> _INFORMATION PROVIDED_
▬▬▬

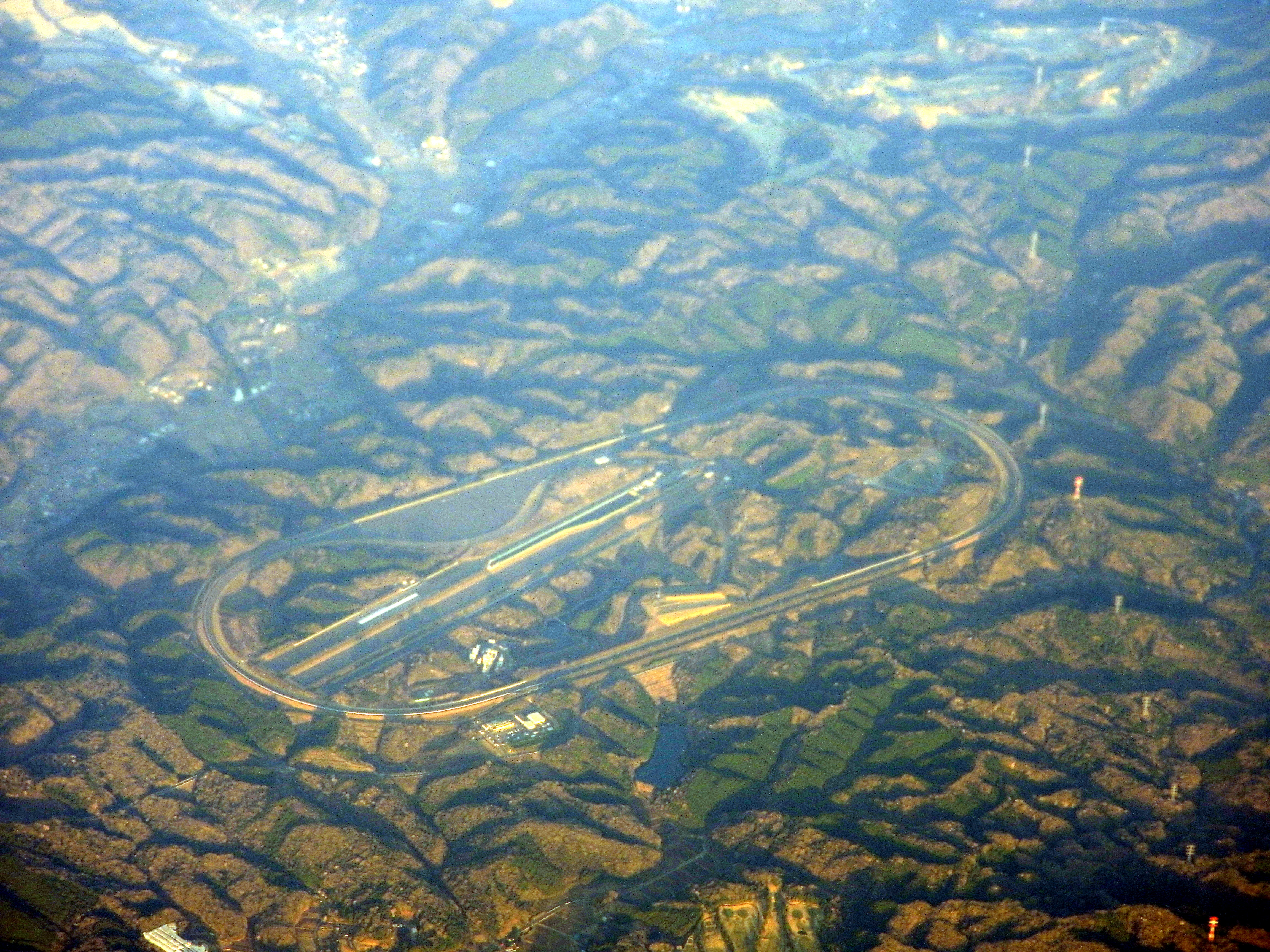 JARI (Japan Automobile Research Institute) Proving Ground (Shirosato-machi, Higashiibaraki-gun, Ibaraki-ken)
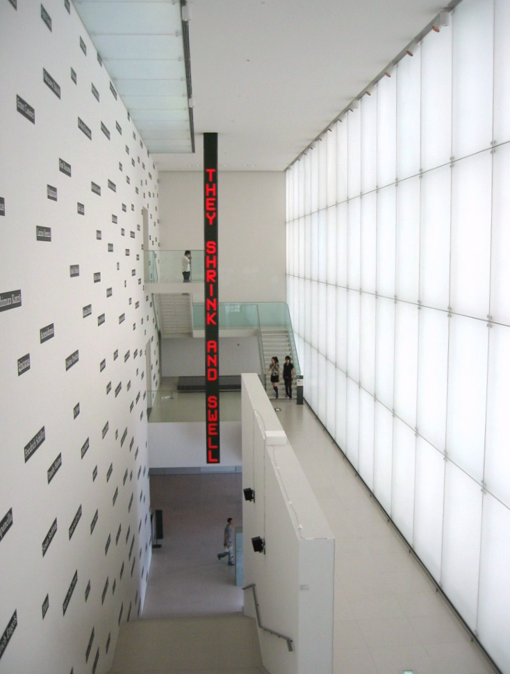 Toyota Munichipal Museum of Art
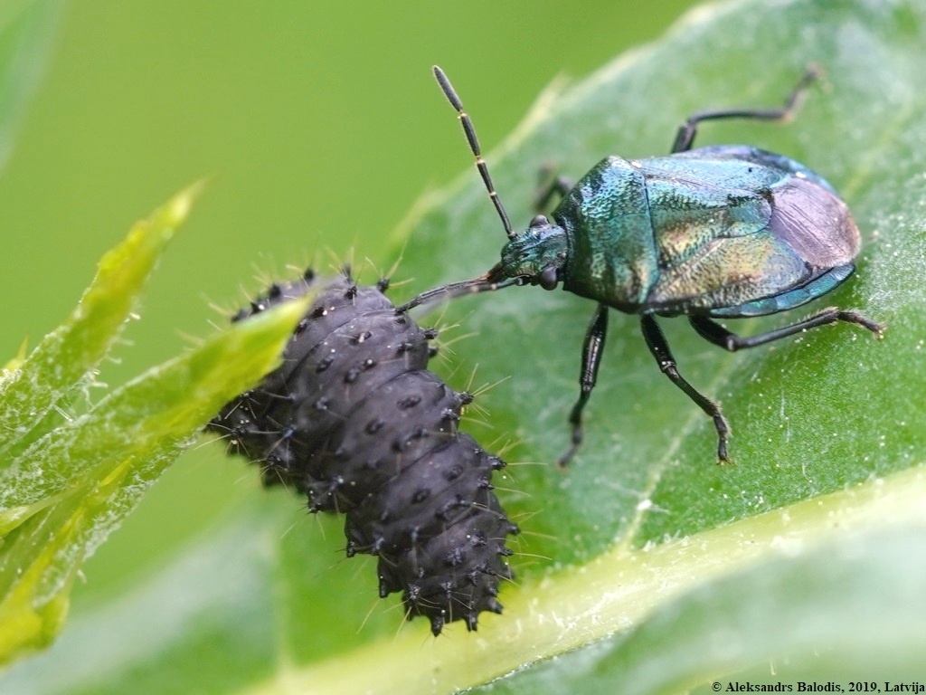 Zicrona caerulea
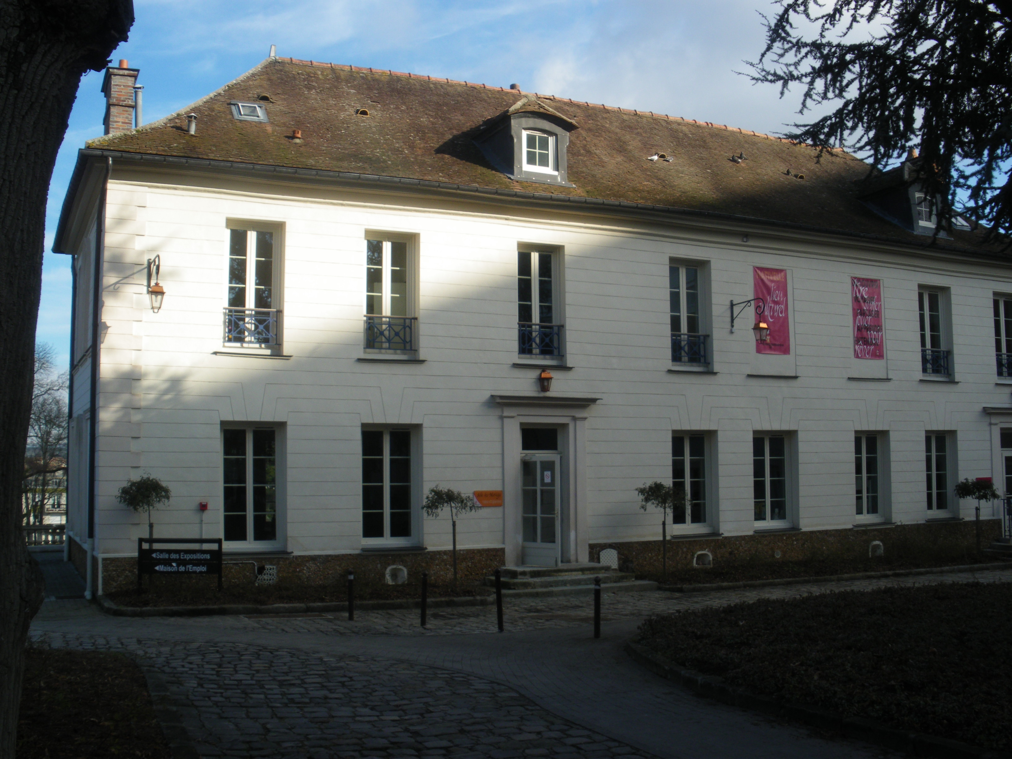 Public library of Longjumeau, Essonne, France.

▬▬▬

> _EXERCISE_
Your copy of the data should match it exactly, apart from the images, which are omitted.

> _SOLUTION BELOW_
 JARI (Japan Automobile Research Institute) Proving Ground (Shirosato-machi, Higashiibaraki-gun, Ibaraki-ken)
 Toyota Munichipal Museum of Art
 Zicrona caerulea
 Public library of Longjumeau, Essonne, France.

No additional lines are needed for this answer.